Я скрестил руки на груди.
– А код на воротах?
Он постучал по виску указательным пальцем.
– Вы знаете, что у охранников есть оружие, и, скорее всего, им не нужны особо веские причины, чтобы пустить его в ход.
Он распахнул дверь.
– В меня уже стреляли.
– Да, но в меня не стреляли.
Он отмахнулся от меня.
– Ты к этому привыкнешь. И потом… – Он с легкой ухмылкой обернулся через плечо: – Что ты теряешь? Ты уже мертв.
Я кивнул и пробурчал под нос:
– Кто-нибудь должен сказать об этом моему сердцу.
Глава 3
Стеди заговорил еще до того, как мы выехали с церковной парковки.
– То, что я хочу тебе рассказать, не является нарушением конфиденциальности. Я не скажу тебе ничего такого, чего бы ты не смог прочитать в таблоидах, или глянцевых журналах, или… – он покачал головой, – в неавторизованной биографии. Написано было много, но лишь малая часть из этого – правда.
Я достаточно хорошо знал его, чтобы понять: раз он предваряет историю таким предисловием, значит, она действительно важна для него. Значит, она важна и для меня.

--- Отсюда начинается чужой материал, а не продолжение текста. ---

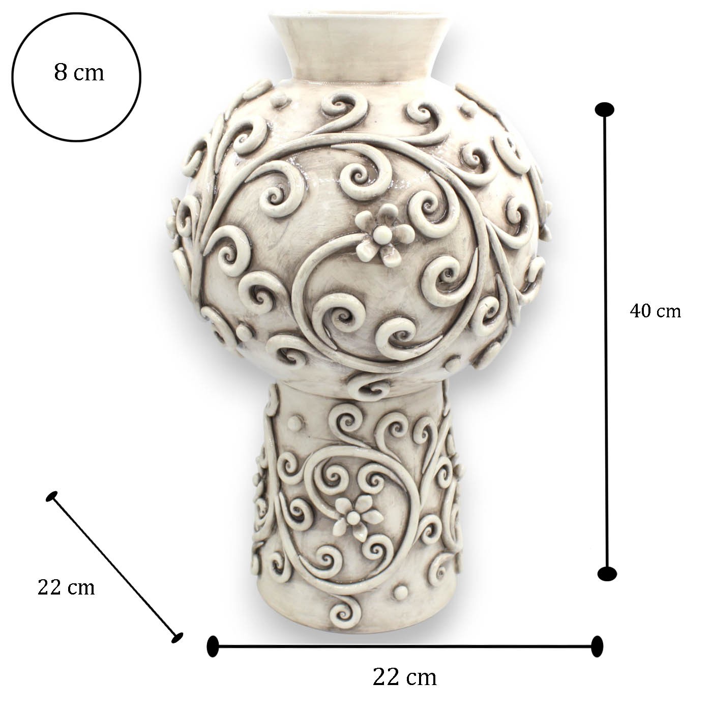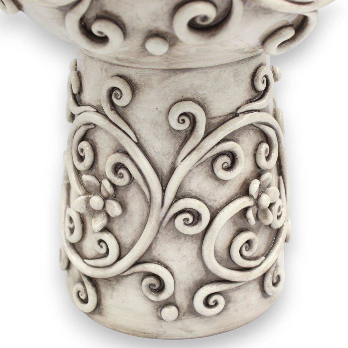 Elaborado íntegramente a mano por maestros artesanos de Caltagirone , este jarrón destaca por sus elegantes aplicaciones decorativas en relieve que envuelven toda la superficie , creando un refinado juego de espirales y motivos florales. El delicado acabado Bianco Antico aporta profundidad, brillo y un sofisticado efecto texturizado, ideal para ambientes modernos, rústicos y chic, o clásicos renovados.

Тишину нарушал только звук сигнала поворота. Стеди помолчал, прищурился, глядя куда-то за горизонт, как будто намекая, что его истории хватит на все наше путешествие. Наконец он выпрямился, скрестил ноги. По тому, как он начал, было ясно – он заранее обдумал, что сказать.
– Она одна такая. Одна на миллион. По тем стандартам, по которым оценивали и оценивают других. Энни, Дороти, Джульетта, королева, она сыграла их всех. На сцене она играла перед монархами и главами государств, на экране ее видели десятки миллионов. Все сидели у ее ног, очарованные и потрясенные, в мертвой тишине или награждая ее оглушительными аплодисментами. Я видел, как всхлипывали женщины. Плакали взрослые мужчины. Дети смеялись. Я видел, как она превращала циников в верующих. Стоило ей закончить, как они вскакивали и требовали все новых ролей. Роль за ролью, роль за ролью. – Старик кивнул. – И она соглашалась, в ущерб себе. Фильмы с ее участием обеспечивают беспрецедентные сборы. Киноэкран принадлежит ей. Студии встают в очередь, чтобы заполучить ее. И хотя фильмы приносят больше денег, ее любовь – это Бродвей. Билеты в первые ряды обычно продают по пятьсот долларов. Ложи стоят от тысячи до полутора тысяч. Чтобы пройти за кулисы – двадцать пять сотен. Теперь, когда она получила третью премию «Тони», в Интернете билеты могут продаваться вдвое дороже. Аншлаги на ее спектаклях – это норма, и так было в течение десяти лет. Даже критики добры к ней. Называют ее «неземной», «ангелом» и утверждают, что «для человека это невозможно».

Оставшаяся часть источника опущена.